Рузановцы нестройно ответили на приветствие и, видя дружескую улыбку приезжего, сами заулыбались в ответ.
— Значит, я крайний буду, — сказал он. Выравнивая свою повозку в хвост рузановцам и потрепав за холку неспокойную лошадь, добавил: — Сейчас, Серко, мы с тобой гулять будем. Очередь видишь какая… Загорать придется с неделю, а то и больше…
Насвистывая песенку, цыган быстро распряг лошадь. Стреножив Серка кожаными путами, поставил дугу у переднего колеса, задрал оглобли и стал развешивать сбрую. Широкоплечий, плотно сбитый, он двигался легко, пританцовывая, и с его лица все время не сходила улыбка.
Со всеми, кто стоял в конце очереди, он быстро познакомился.

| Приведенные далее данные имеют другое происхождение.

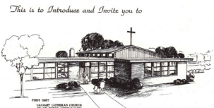
CALVARY LUTHERAN CHURCH 15th Avenue South and South Ninth Street, Grand Forks, North Dakota A FRIENDLY CHURCH SERVING CHRIST AND YOUR COMMUNITY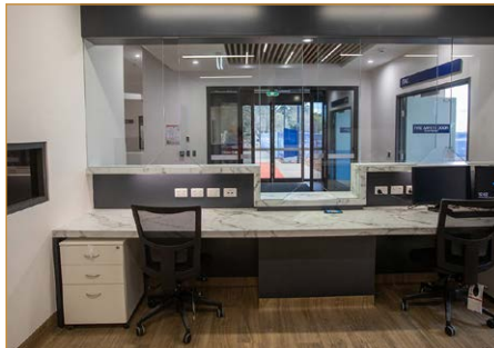
View from reception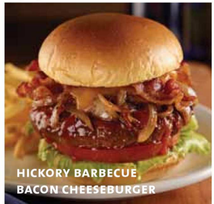
HICKORY BARBECUE BACON CHEESEBURGER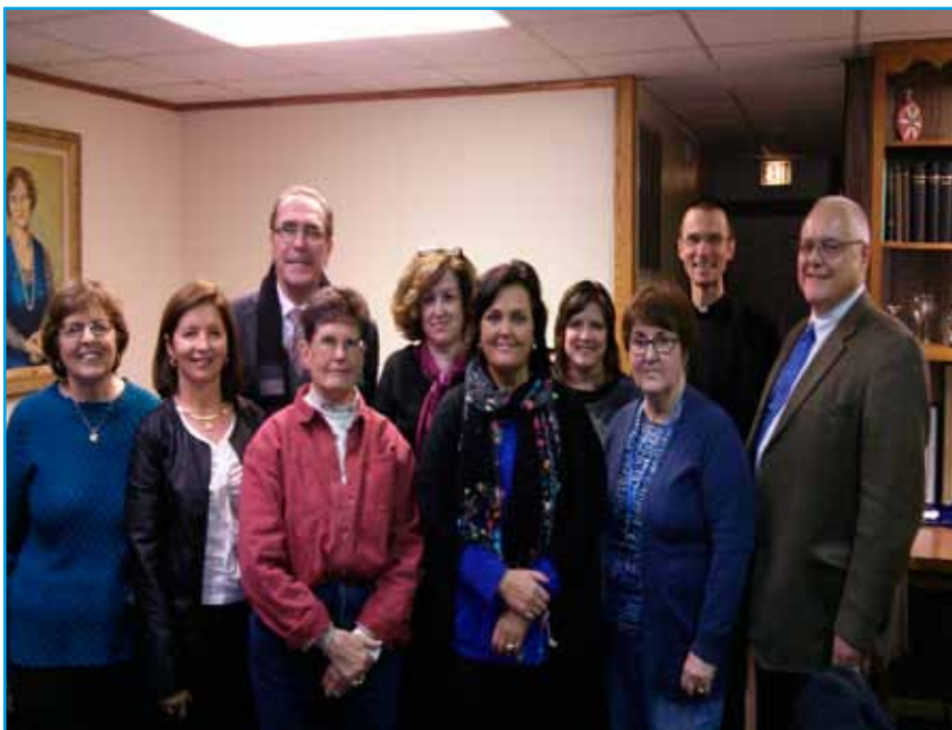
Ambassador at SUA headquarters.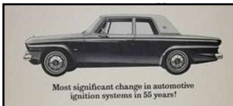
Most significant change in automotive ignition systems in 55 years!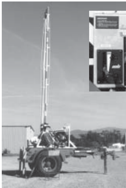
Bitterroot Mini Yarder and control panel (inset).

Purchase Price: Varies, depending upon your fabricator.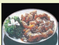
1. Sesame Chicken (white meat) 12.45 2. Sesame Beef 13.95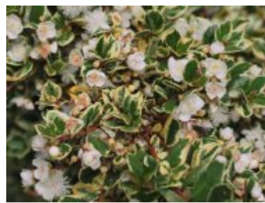
Luma apiculata 'Glenlean Gold'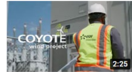
Coyote Wind Project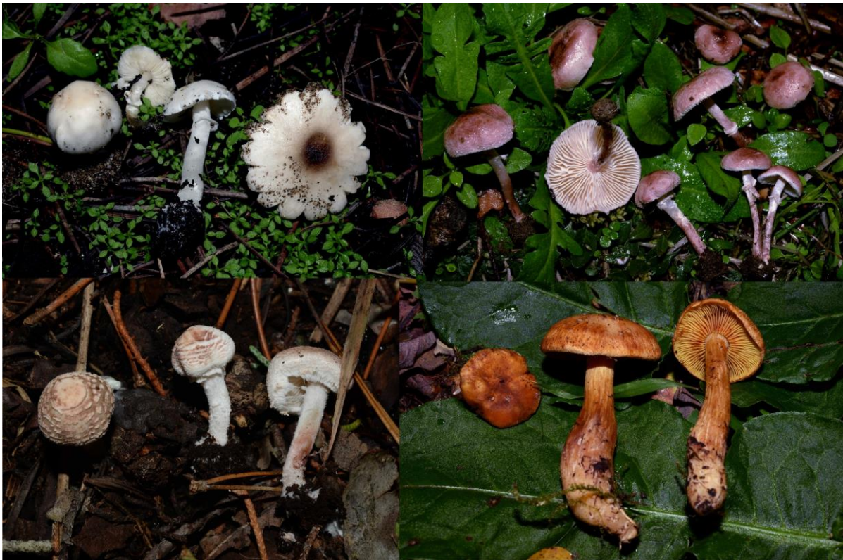
Figure 5. From top left to bottom right: Leucoagaricus menieri , Lepiota farinolens , Lepiota cystophora , Gymnopilus flavus .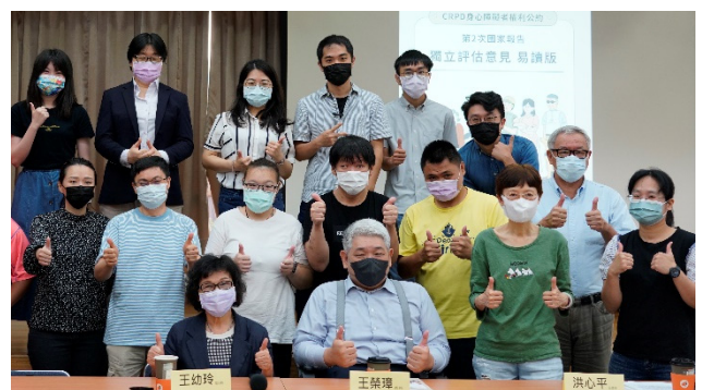
Group photo of production team members; June 1, 2022

The NHRC enlisted the League For Persons With Disabilities to convert the report of over 53,000 words into conversational language. An illustrator will draw nearly 100 pictures for explanations. By the end of July, 2022, a printed booklet, an electronic version of the report will be posted on the NHRC website.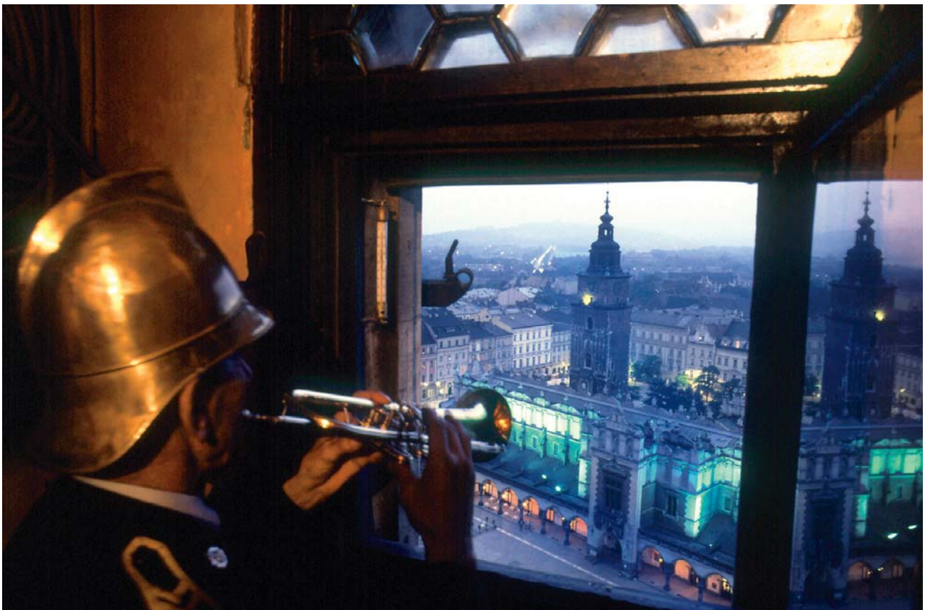
Fig. 3. Bugler in Cracow – every day at noon, from the 81 m tall tower of St. Mary's Basilica in Cracow, a trumpet signal, called the bugle-call , is played. The legend says that in 1241, when a bugler played on his trumpet a melody to warn the town against Tatar's invasion, his throat was pierced with an arrow. Thus, nowadays, the trumpet signal breaks off suddenly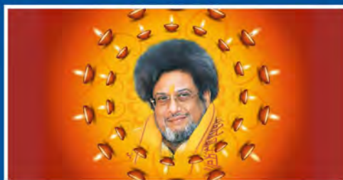
Chetna Diwas Birth Ceremony of Shradhdey Dr. Pranav Pandya Ji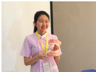
Preventing Dental Issues: 2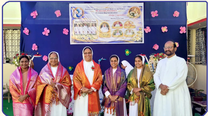
Solemnity of St. Joseph's Holy Mass at Presentation Provincialate, Fatimanagar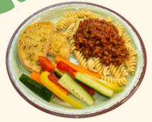
(h) Beef Bolognese (G.D)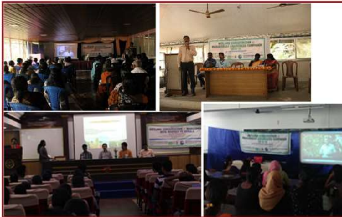
Wetland awareness classes and screening of documentary on wetlands- 1.10.19 to 30.11.19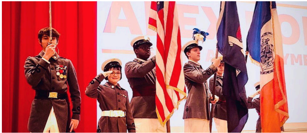
Governor Hochul signed two bills introduced by the Assemblymember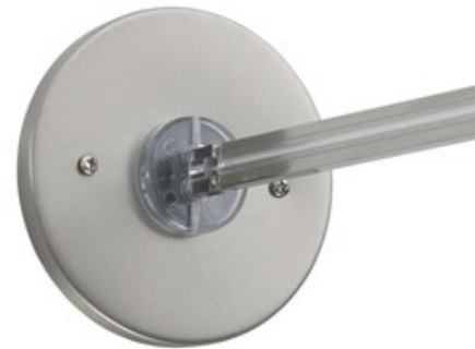
Shown in: Satin Nickel

A direct-end power feed canopy is mounted to a wall or ceiling perpendicular to the monorail run. It brings power to an end of the monorail run from a remote transformer (sold separately). The low-voltage leads from the remote transformer are connected to the canopy leads inside the electrical box the canopy mounts to the electrical box. 4 inch round canopy: mount to a standard 4 inch electrical box with round plaster ring(not included). 2 inch square canopy: mount to tech lighting's special 2 inch square, 3.5 inch deep electrical box with mounting bar (included). 2 inches x 4inches rectangular canopy: mount to a single gang or gem box (provided by electrician). Finish available in antique bronze or satin nickel. For use with a single feed remote transformer (sold separately.) ETL listed. 4 inch width x 4 inch height x 1.3 inch length.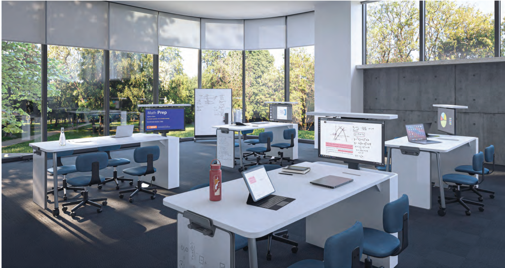
MODEL L-27's Pop-Up TV Lift with Manual Swivel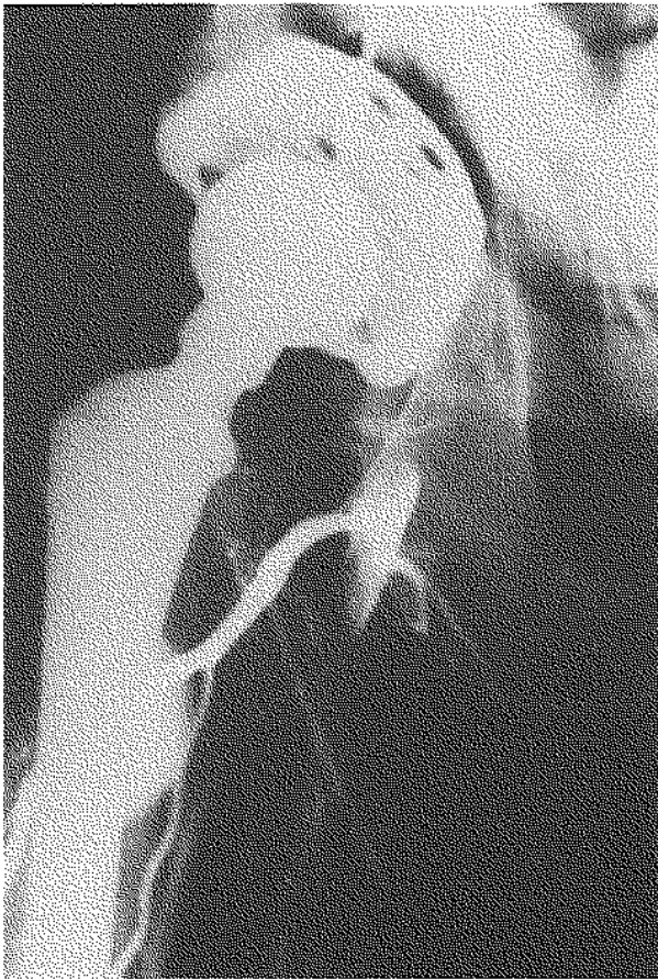
Fig. 3. — New leakage of contrast at the same place.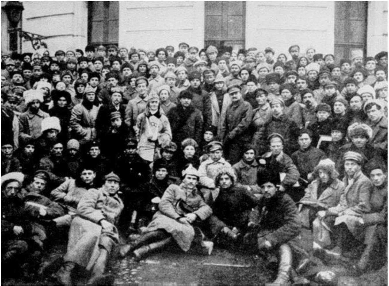
Lenin, Trotsky and Red Army troops in Petrograd in 1921.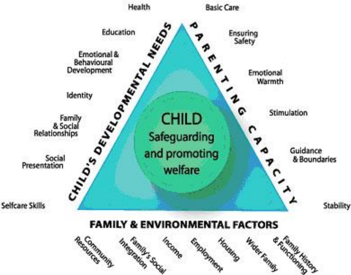
Figure 1 – The Assessment Framework 50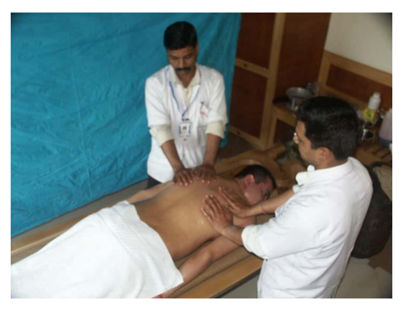
EXECUTIVE PANCHAKARMA CENTER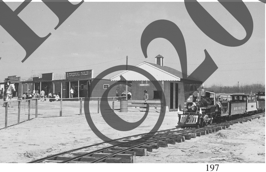
The train ride, a favored of the small folks.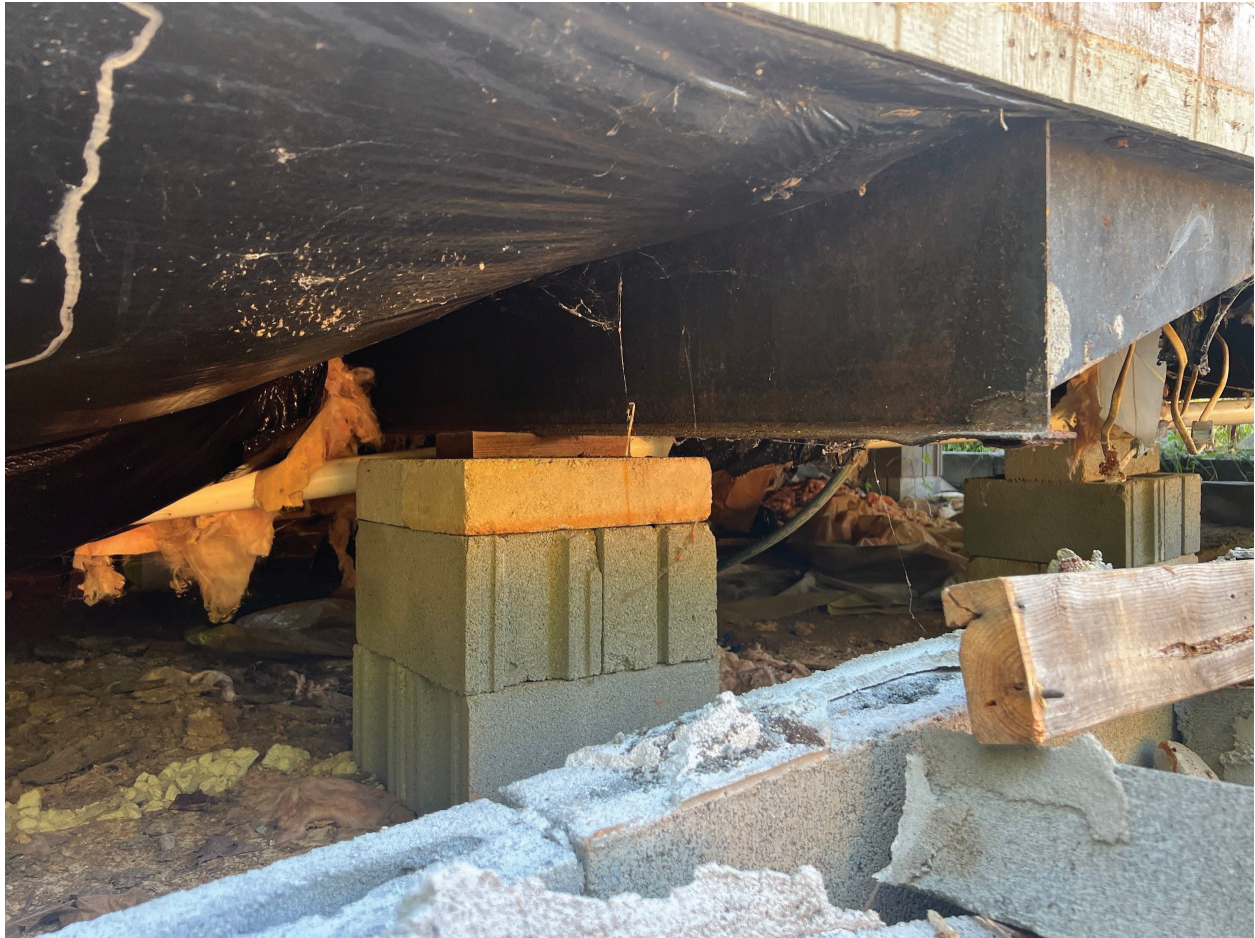
Figure 14: A view from under Mobile Home

Вскоре мы узнали, что зовут его Василием, что он осел с прошлого года в большом ярмарочном селе и стал работать кузнецом.
— Надоело скитаться по свету, — говорил он доверительно мужикам. — Доля цыганская — доля собачья… Куда ветер дует, туда цыган путь держит. Вбил два кола, костер развел — дом готов. Огонь лицо греет, ветер спину студит, дождь сверху льет, цыганская трубка нутро калит… Живешь как у Христа за пазухой, а никто не завидует.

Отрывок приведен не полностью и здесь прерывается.